I'm so sorry that you've lost your beloved girl. You gave her a wonderful life and I hope with time your happy memories will ease the pain you feel. There are some people who will never understand the depth and importance of the relationship that develops between a committed owner and a beloved dog, and I'm sorry you've been further hurt by their comments.


----------



## Brinkleythegolden (Jun 18, 2012)

I'm so sorry for your loss.


----------



## LynnC (Nov 14, 2015)

I'm very sorry for your loss. May sweet Jingles Rest In Peace.


----------



## 1oldparson (Mar 5, 2013)

I’m so sorry. We have gone through losing several dogs and it is always very painful. As has been said before, some folks will never understand. As a Pastor, I have heard some very sweet people say some incredibly stupid and insensitive things to people who have lost a loved one. Unfortunately, well meaning people - not knowing how to say something helpful - feel the need to speak anyway. I hope you will be able to look past the pain and see a good heart and intent that was poorly expressed. Again, I am so sorry.


----------



## cwag (Apr 25, 2017)

I am so sorry to hear about Jingles. My Honeybear really was our first "child" and it was so hard to be without her. I still miss her but it is not as painful as it once was. People who have never had a dog who lived in the house don't understand the bond that develops and I agree with one old parson, often they are trying to be helpful but end up sounding mean and hurtful. Try not to waste your energy in thinking about their lack of empathy. Jingles had a great life with you and I feel sure she knew that you loved her so much. I wish you comfort and peace.


----------



## Neeko13 (Jul 10, 2010)

Im sorry for your loss of your Jingles.... you are in my thoughts and prayers...


----------



## sophieanne (Feb 4, 2014)

I'm so sorry for the loss of beautiful Jingles. I remember when you wrote your first post about her. Just remember that she is no longer in pain and is whole again at the bridge. As for insensitive remarks from people, just ignore them. No one knows the loss of a loved pet if they've never had one. Just stay in touch with the supportive people and keep good memories of Jingles. My heart breaks for you and your family and I pray for peace as you go through this difficult time.


----------



## rabernet (Feb 24, 2015)

I'm so sorry for your loss. I had an insensitive manager (not mine) where I worked when I got a call from my vet about a cat of mine who had fibro sarcoma, and called to ask me if he could euthanize him right away because he was in such distress (it was time, I knew it - there was nothing more to be done for him). He advised me that he didn't think that it would be fair to him to wait the 45 minutes it would take for me to get there. I authorized the euthanasia and was in tears. This manager looked at me and said "what are you crying about, it's only a cat!"

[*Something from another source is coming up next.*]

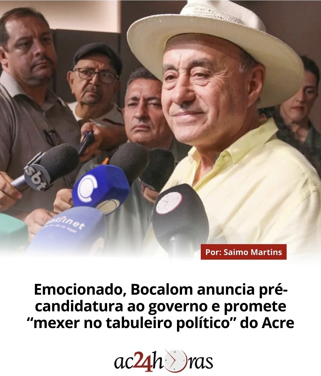 Bocalom abriu a entrevista agradecendo a presença maciça de apoiadores, secretários da gestão e políticos, como o vereador Antônio Moraes, também do PL. Na sequência, afirmou que chegou o momento de anunciar sua pré-candidatura diante dos constantes questionamentos após sua reeleição à Prefeitura de Rio Branco, em 2024, ainda no primeiro turno.
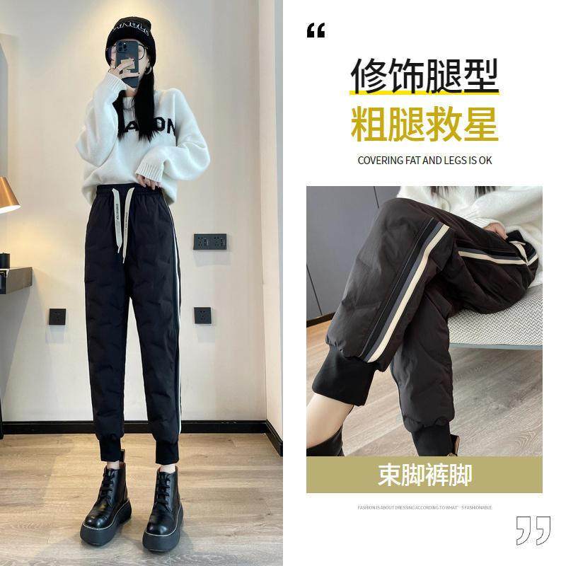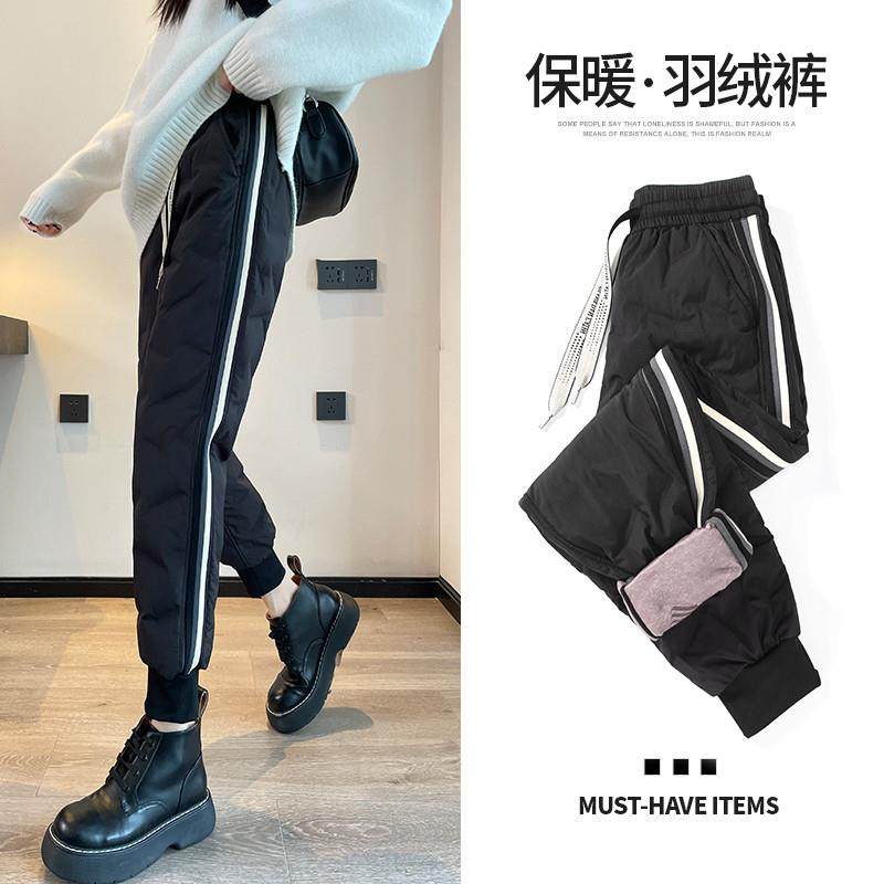 女外穿冬季 马丁靴裤 2025新款 加绒棉裤 子 加厚哈伦白鸭绒时尚 羽绒裤

What did I do? I decided right then and there that he was not someone I even cared to be friendly with from that point on. I was professional when I "had" to interact with him, but I chose not to have casual conversations with him. 

I imagine I would do the same with any "friends" who were insensitive to my loss.


----------



## Jingles Mama (Apr 30, 2018)

Thank you all for your advice and sincere condolences. I am grateful to have this board as an outlet. I realize that when we grieve we can be more sensitive to insensitivity, so I appreciate all of your kind words. I am focusing on Jingles and the amazing memories she left me with; we sure are lucky to know what that's like.

God Bless.


----------



## alphadude (Jan 15, 2010)

First off, I am very sorry to hear of the loss of Jingles. I hate that vile disease more than almost anything else on this planet. 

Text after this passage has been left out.